LOS ANGELES-- Sixteen-month-old Juniper Jagiello is one of more than 10,000 children on a waiting list to get free or subsidized child care at the non-profit Child Care Resource Center in Los Angeles.
Her father, Jeremy, supports the family as a nurse. Her mother Tamara wants to go back to school, but says childcare services can cost up to $1,800 dollars a month.
It’s “definitely not” something she can afford, she said.
According to a new report by the U.S. Department of Agriculture, middle class parents of a baby born in 2012 will spend about $241,000, raising their child from birth to age 18 - and that’s just for the basics.
“That doesn’t even include college, so it kinda makes me really wonder, um, ‘that’s a lot of money,’” Tamara said, her voice shaking.
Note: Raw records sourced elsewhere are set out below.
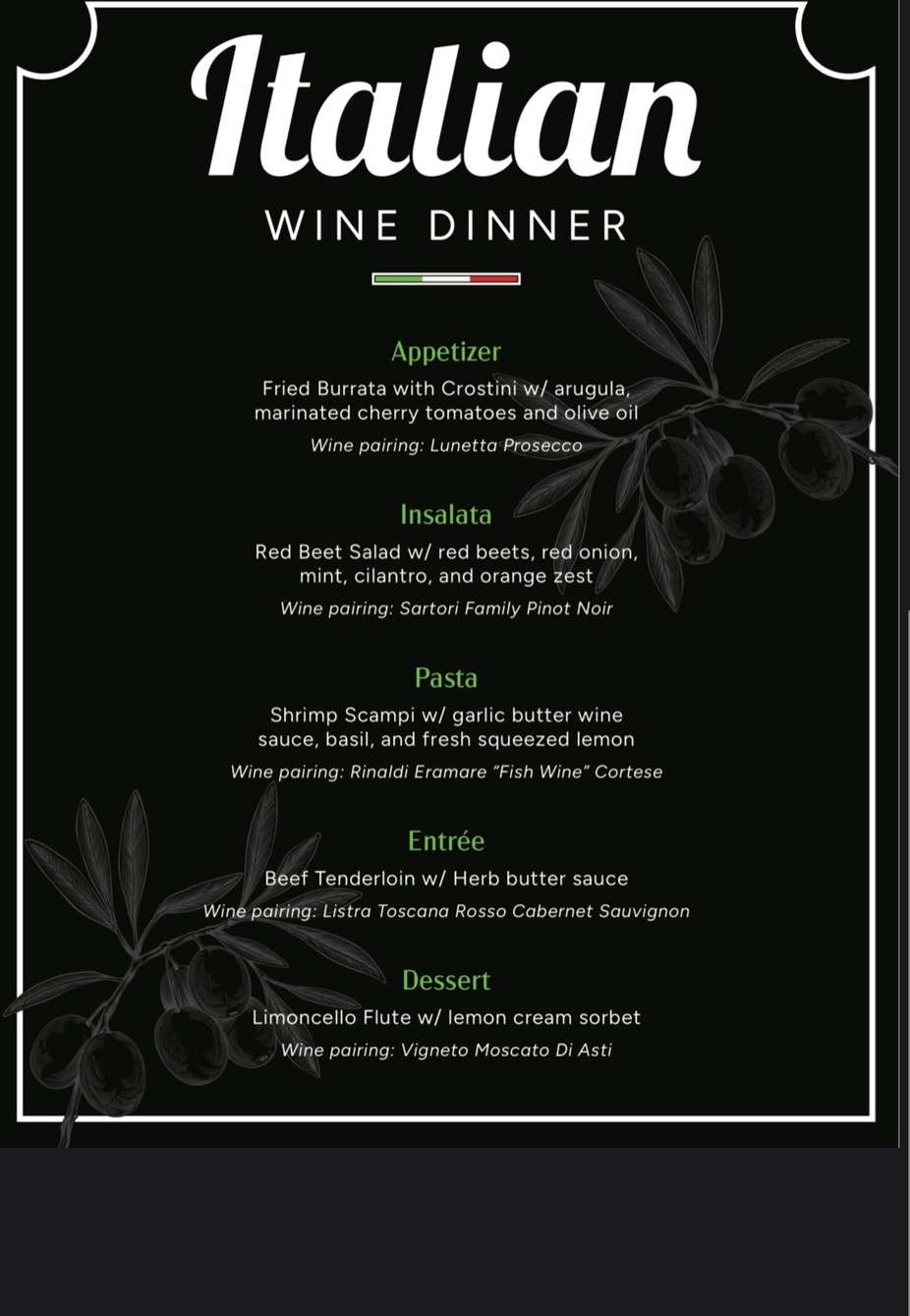 5 Course dinner paired with a variety of Italian & Sicilian wine.
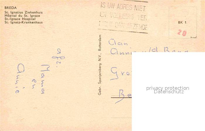 old postcard Breda Noord-Brabant St Ignatius Ziekenhuis Krankenhaus postalisch gelaufen Erhaltung siehe scans [FriedD77]
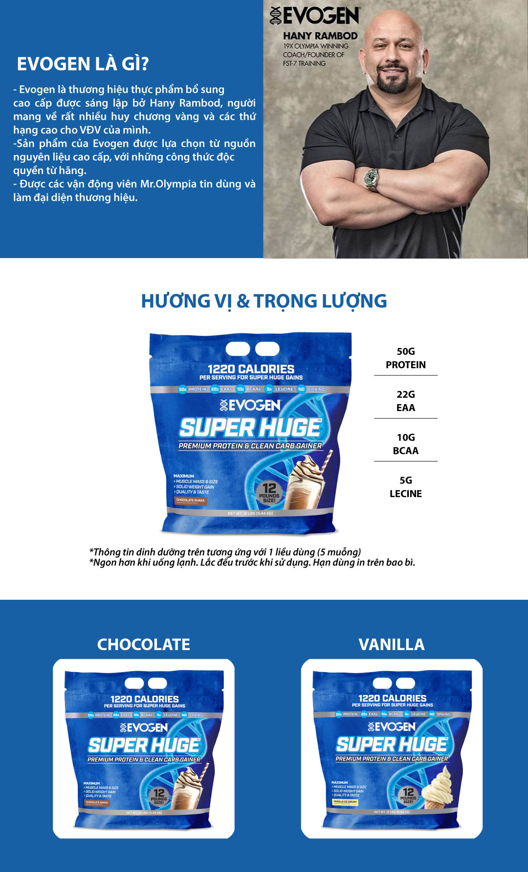 Với việc không sử dụng đường trong sản phẩm kết hợp nguồn carb phức, giàu xơ và không làm tăng mỡ sẽ giúp bạn hạn chế được việc lên mỡ hơn. Bạn sẽ tăng cân tăng cơ nhanh, thân hình chắc khỏe, vạm vỡ, chứ không béo phì, không lên nhiều mỡ thừa hay không béo tròn. Để đạt được hiệu quả trên Hanny Rambod của Evogen đã xây dựng công thức và các thành phần cực kỳ chất lượng trong 1 liều dùng:

Housing is the largest expense for families, but child care and education costs have increased the most over the past few decades, now totaling 18 percent.
Overall, food prices are cheaper for most parents, but it’s still the second largest expense for low-income families.
“Food costs as a percentage of household costs are a much more considerable portion of raising a child in lower income households,” said Kevin Concannon, under secretary at the Department of Agriculture.
The Fagiellos are grateful for what they have, but their wait for child care assistance could take months, or even years.
A former version of this article inaccurately stated “low-income families” struggle with the rising cost of children. That has been corrected to “middle-income” families.